Domestic team information
- 1906: Warwickshire

Career statistics
| Competition | First-class |
| Matches | 1 |
| Runs scored | 0 |
| Batting average | 0.00 |
| 100s/50s | –/– |
| Top score | 0 |
| Balls bowled | 138 |
| Wickets | 2 |
| Bowling average | 46.50 |
| 5 wickets in innings | – |
| 10 wickets in match | – |
| Best bowling | 2/83 |
| Catches/stumpings | –/– |
- Source: Cricinfo, 27 December 2011

= William Smith (cricketer, born 1882) =

English cricketer

William John Smith (13 May 1882 - date of death unknown) was an English cricketer. Smith was a right-handed batsman who bowled right-arm fast-medium. He was born at Freasley, Warwickshire.

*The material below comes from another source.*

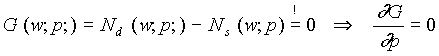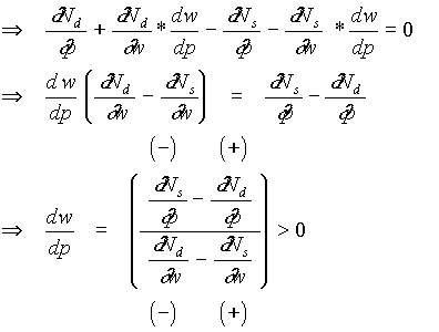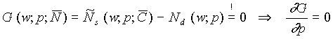 Die repräsentative Unternehmung und der repräsentative Haushalt lassen sich zu einem Modell mit drei Märkten zusammenfassen, das bei fehlenden Restriktionen neoklassiche Eigenschaften hat.[20] Am Gütermarkt herrscht Gleichgewicht, wenn der geplante Konsum gleich der geplanten Produktion ist, also Y(w,p)=C(w,p) gilt.[21] Ausgehend von einem Gleichgewicht müssen sich zu einem höheren Preisniveau auch höhere Löhne einstellen, um den Markt zu räumen.[22] Die Gerade zur Darstellung des Gütermarktgleichgewichts (ein sogenannter Gleichgewichtslokus) verläuft steigend.[23] Ebenso lassen sich am Arbeitsmarkt eine Vielzahl möglicher Gleichgewichte (Bedingung Ns(w,p)=Nd(w,p) )zu einem Gleichgewichtslokus mit steigendem Verlauf zusammenfassen.[24] Der Schnittpunkt beider Gleichgewichtskurven bestimmt das simultane Gleichgewicht am Güter- und Arbeitsmarkt, wobei aus der Stabilitätsbedingung der dynamischen Analyse der steilere Verlauf der Gütermarktkurve folgt (vgl.Abbildung 7:Neoklassisches und neukeynesianisches Gleichgewicht, Anhang).[25] Wenn bindende Schranken vorliegen, müssen aber die Marktteilnehmer unter Annahme der erläuterten dualen Entscheidungshypothese ihre hypothetischen Nachfragen durch effektive ersetzen.

Smith made a single first-class appearance for Warwickshire against Hampshire at Edgbaston in the 1906 County Championship. Hampshire made 261 in their first-innings, with Smith taking the wickets of Phil Mead and William Jephson to finish with figures of 2/83 from 21 overs. In response Warwickshire made 493 in their first-innings, with Smith being dismissed for a duck by Mead. Hampshire ended their second-innings, in which Smith bowled 2 wicketless overs, on 64/1. The match ended in a draw. This was his only major appearance for Warwickshire.